Population and demographic history analyses
We performed model comparisons under the likelihood framework developed in fastSIMCOAL2 v2.6 (Excoffier
et al., 2013) to estimate demographic parameters and date cladogenetic events among mangroves populations, and to test the competing hypotheses of colonization after the LGM versus isolation in glacial refugia in the enclosed seas around Arabia. Informed by the phylogenetic relationships (See results), three sets of models were independently analyzed for (i) the Red Sea, (ii) the PAG plus the Sea of Oman, and (iii) the entire Arabian Peninsula. Three populations were used as lineage representatives for each set of models.
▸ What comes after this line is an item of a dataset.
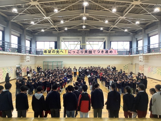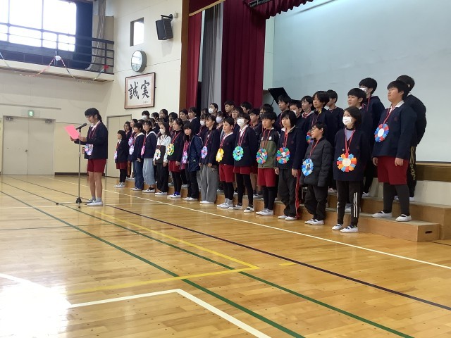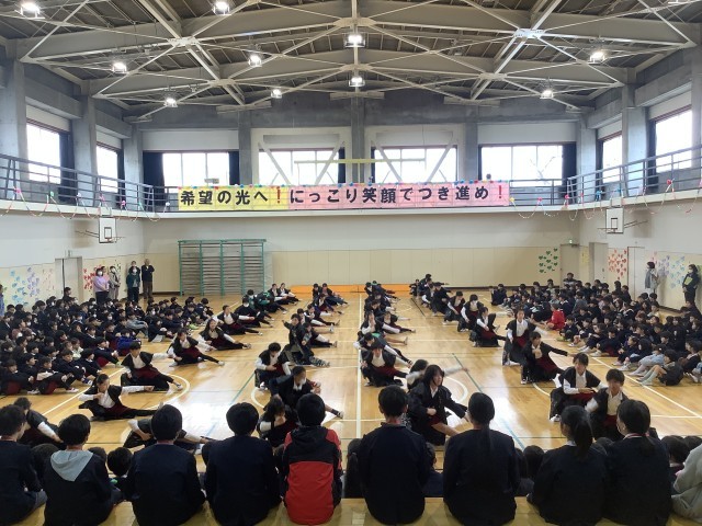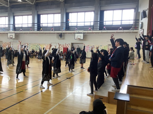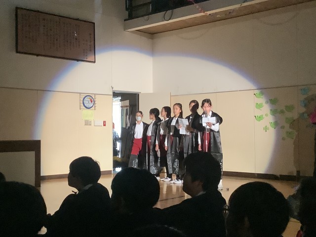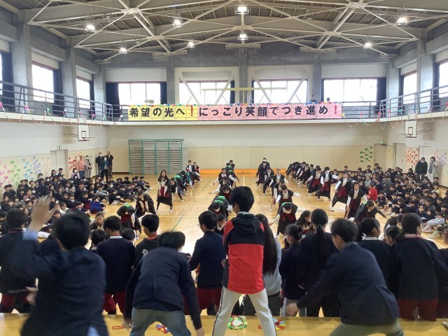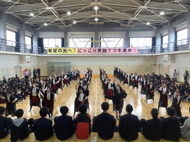 スローガンは、「希望の光へ! にっこり笑顔でつき進め!」でした。6年生のみなさんが、明るい未来へ向かって希望をもって、にっこり笑顔でつき進んでいってほしいというメッセージがこめられています。歌やダンス、振付、呼びかけなど、どの学年も心のこもった出し物をし、感謝の気持ちを伝え合いました。

The Brisbane population was once again included to calibrate times of divergence, using a coalescence time with the Arabian lineages of 2.7 million years in all models (Li
et al., 2016; He
et al., 2019; He
et al., 2020). Topologies and times of divergence tested in each set of models were analyzed under scenarios of ‘strict isolation’ and ‘isolation with migration’. Overall, six, twelve and two models were compared for the Red Sea, the PAG and the entire Arabian Peninsula, respectively (Table S4, Fig. S1, Supporting Information). As input data we used the folded site frequency spectra (SFS) generated from resequencing data using easySFS (
https://github.com/isaacovercast/easySFS). Details about fastSIMCOAL2 analyses, input data, model sketches and parameter files are provided in the Supporting Information.
TreeMix v1.13 (Pickrell & Pritchard, 2012) was used to further model historical patterns of gene flow between mangrove populations. The corresponding SNP dataset was built applying the same filters as for the IQ-TREE phylogeny, with the exemption of linkage disequilibrium filters
as it can be controlled for in the TreeMix command line (SNP matrix = 797,949; N = 178). We ran TreeMix for 0–15 migrations, grouping SNPs in blocks of 50. Migration edges were plotted until 99.8% of the variance in ancestry between populations was explained by the model (Pickrell & Pritchard, 2012). The consistency of migration edges was evaluated by running TreeMix with 50 total replicates for each added migration edge number using a different, randomly generated seed. Results from the seed that yielded the highest likelihood are reported.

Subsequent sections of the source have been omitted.